In their lifetime, every Canadian will experience many transitions in care, whether as a client, patient, caregiver, family member and/or as a member of a community that experiences challenges accessing care. To address these challenges, the TiC Initiative was developed through strategic partnerships within CIHR* and a diverse group of external partners**. The TiC Initiative included several funding components that addressed knowledge gaps, identified evidenced-based practices and supported the embedding of health system decision-makers within implementation science teams to address TiC challenges. Supported activities were to include the intersection of two of the three TiC focus areas (across the lifecycle, changing health status or care and key populations to optimize transition in care outcomes), integrate CIHR’s commitment to the health and wellness of Indigenous Peoples and racialized group, and develop relevant research capacity.
*CIHR Institutes of Aging (IA); Cancer Research (ICR); Circulatory and Respiratory Health (ICRH); Gender and Health (IGH); Human Development, Child and Youth Health (IHDCYH); Health Services and Policy Research (IHSPR); Indigenous Peoples’ Health (IIPH); Musculoskeletal Health and Arthritis (IMHA); Neurosciences, Mental Health and Addiction (INMHA); and the CIHR Strategy for Patient Oriented Research (SPOR).
**Alberta Innovates, the Azrieli Foundation, the Canadian Frailty Network, the Canadian Space Agency, the European Commission, Greg’s Wings, the New Brunswick Health Research Foundation, Mitacs and the Rossy Foundation.
Health Research Training Platforms
The Health Research Training Platforms (HRTPs) are designed to ensure that health research trainees and early career researchers are best positioned to navigate a dynamic health research landscape with evolving research directions, practices and technologies.
Of the 13 unique HRTPs launched in 2022 (a total investment of $31.1M over six years), the Institute partnered on two.
The Improving Health Outcomes through Better Models of Care for Multimorbidity* platform focuses on the development of trainees on the design, implementation and evaluation of health system or service interventions that improve the prevention, treatment and management of multimorbidity.
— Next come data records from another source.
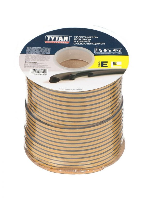Уплотнитель E, самоклеящаяся основа, 9х4 мм, 150 м, черный, Tytan, 91515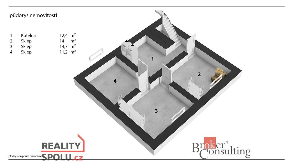 Nemovitost je podsklepená a dispozičně rozdělena následujícím způsobem: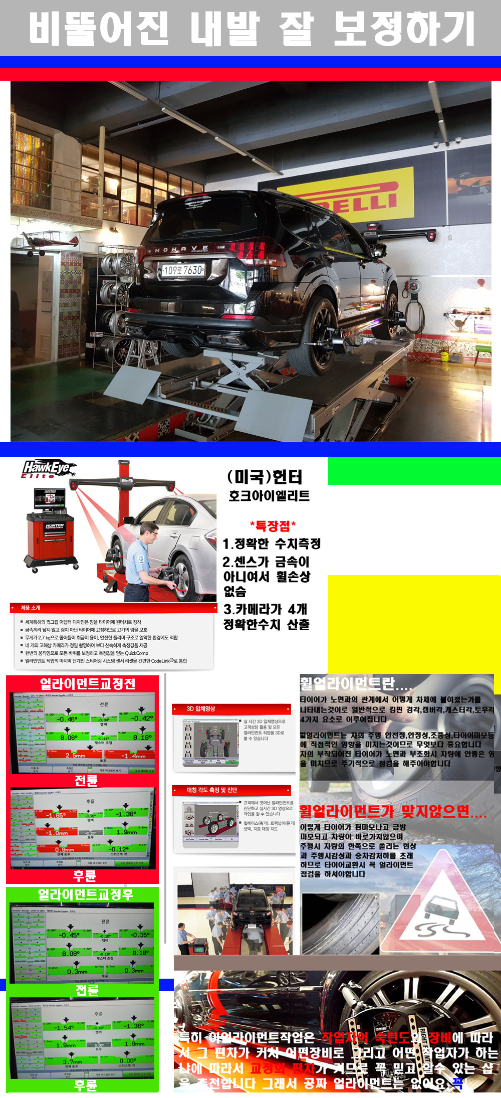 이후 미국 헌터사 호크아이엘리트 장비로 3D얼라이먼트를 진행했습니다 이장비는 현존하는 가장 진화된 얼라이먼트장비입니다 특히 4개의 고성능카메라가 장착되어져 있어 실시간으로 오차가 없는 측정값을 구현하며 바퀴당 각 휠센서 클램프가 프라스틱이며 타이어바닦면을 지지하는 방식이여서 휠의 손상이 없는것이 특징입니다 하지만 장비보다 차량의 얼라이먼트를 볼시 작업자의 정성과 그리고 능력과 숙련도가 관견이기에 꼭 휠얼라이먼트를 장사수단으로 하지않는 샵을 권장합니다 자사는 얼라이먼트정렬시 교정전 교정후를 구분하여 고객님께 직접 이수치값을 확인시켜드리고 작업을 하며 이후 각각의 특성을 가진 타이어들에 대해서 설명 및 관리요령 운전요령 같이 설명해드리고 있습니다 이후 타이어와 휠의 정확한 발란스값과 진동값을 보정후 헌터사 호크아이엘리트 3D얼라이먼트장비로 공장에서 처음 출고될시의 팩토리값으로 교정하였습니다 그리고 타이어질소가스주입기로 3번정도 진공상태로 만든후 질소가스를 주입했습니다 질소가스주입시 가장 관견은 순도이기에 이런 여러번의 진공상태후 주입하고 빼주는 과정를 많이 해주어야합니다 질소가스의 주입시 타이어공기압의 저하가 덜하고 화합물질이 반응을 하지않아 소음전파력과 그리고 타이어안쪽에 수분을 발생하지않으며 타이어안쪽에서의 공기압이 팽창하지않아 타이어에 스트레스를 덜주게 됩니다 하지만 이부분도 공기속에 질소가 80%정도 존재하기에 미미한 차이이지만 질소순도를 높이고 주행시 좋은 점이 확연히 많기에 질소주입을 해드리고 있습니다 특히 고성능타이어나 하중값을 많이 주는 타이어일경우에는 위에서 언급한 부분에서 많이 차이를 보이고 있습니다 이후 타이어왁싱후 출고했습니다+ 감사합니다 |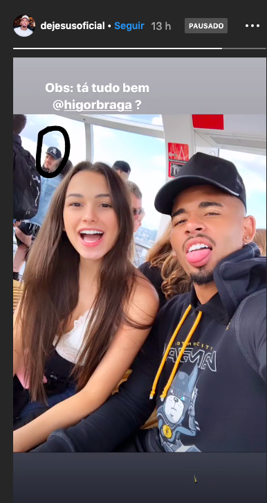 O jogador compartilhou em seu stories do Instagram uma foto com Fernanda Queiroz, na “legenda” ele brinca com um amigo que está no fundo da imagem. Gabriel Jesus tentou descontrair e desviar a atenção da nova namorada para a expressão do colega no fundo, mas a tentativa não deu muito certo.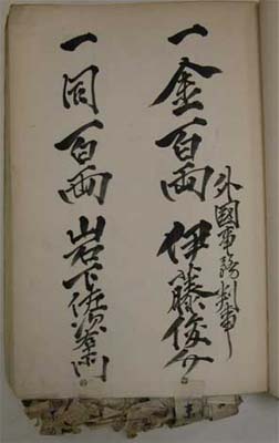 募金のリストには外国事務判事であった伊藤俊介(博文)の名も見えますが、未納の付箋が貼られています。
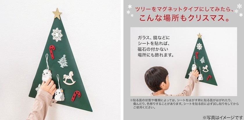 - クリスマスアイテム、壁掛けミニセットツリー(スノー)、セラミックLED、マグネットオーナメント9P&シート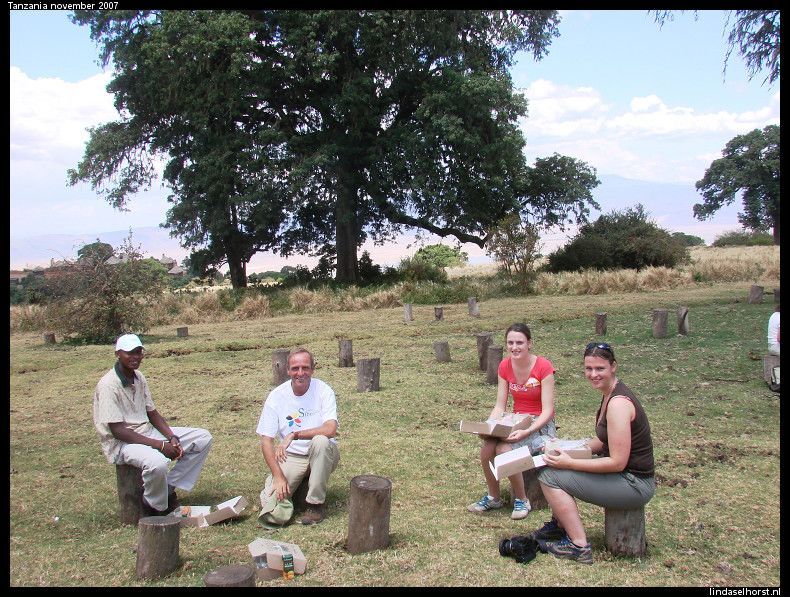 Vanmorgen wakker geworden van de wake up call om 7.00u. We hebben lekker geslapen onze eerste nacht. Heerlijke (koude) douche en om 7.30u ontbeten. Om 8.00u maakten we kennis met onze chauffeur / gids Mudi. We blijven de rest van de trip bij hem in de bus, wij vieren en Regina. Maar dat gaat allemaal helemaal passen in het 7 persoonsbusje die we tot onze beschikking hebben. Via een klein hobbelweggetje kwamen we via een lokale en drukke markt op de hoofdweg richting Arusha Ngurdoto Crater National Park. We genoten van het mooie landschap en de heerlijke geuren van Afrika. Helaas zagen we geen Mount Kilamanjaro door de bewolking, wel zagen we de Mount Meru. Direct na binnenkomst in het NP zagen we tientallen baboons, giraffen en zebra’s vlakbij de jeep. Onze eerste wild van deze reis! Na de nodige foto’s reden we via een ontzettend mooi en dichtbegroeid woud naar een uitkijkpunt over de krater. Heel erg mooi uitzicht met in de verte een heleboel baboons en een kudde buffels. Hmm, hier zou ik wel een dagje in de hangmat willen luieren, zoveel geluiden en zoveel te zien, wow! Hier zagen we ook de Eastern black en white Colabus (aap) welke alleen in dit park voorkomt binnen Tanzania. Ze zaten lekker in de bomen met hun grote witte pluimstaart heen en weer te zwiepen. Op weg door het park zagen we nog meer vergezichten, buffels, baboons, giraffen, warthogs en zebra’s. Onderweg ook nog in een klein museum gestopt waar we Ton met zijn hoofd in een hippo-bek hebben gelegd, haha dat was lachen! Na dit bezoek terug naar de lodge, lunchen, gewandeld door de tuin en kennisgemaakt met de rest van de groep, drie Amerikaanse jongens. Nu was onze groep compleet, 9 man over 2 jeeps verdeeld. Rond 14.00u vertrokken we richting Lake Manyara. Ondanks de mooie vergezichten viel ik halverwege de rit toch in slaap, echt ongelofelijk! Via de curioshop omhoog gereden naar ons hotel, op het topje van de berg. Prachtig uitzicht, hoewel het wederom niet helemaal helder weer was. Prachtige kamers met uitzicht op het meer en het park. Bij het zwembad hebben we genoten van het mooi uitzicht en de vele vogels rondom het water. Rond 18.00u begon het koud te worden en zijn we lekker warm gaan douchen. Om 22.30u liggen we in bed. Morgen gaan we op game drive en ’s middags 5 uur lang rijdend en vooral hobbelend naar de Serengeti!

This HRTP embeds experiential learning opportunities, networking, as well as training and mentoring of fellows and clinical researchers.
The Vascular Cognitive Impairment** platform prioritizes developing capacity across the CIHR research themes to unravel the complexity of, and changes to, blood flow to the brain as it relates to vascular cognitive impairment, including vascular dementia in ageing populations. This HRTP includes training on patient-oriented, team-based and translational research.
* CIHR Institutes of Circulatory and Respiratory Health (ICRH); Health Services and Policy Research (IHSPR).
** CIHR Institutes of Aging; Circulatory and Respiratory Health (ICRH); Neurosciences, Mental Health and Addiction (INMHA).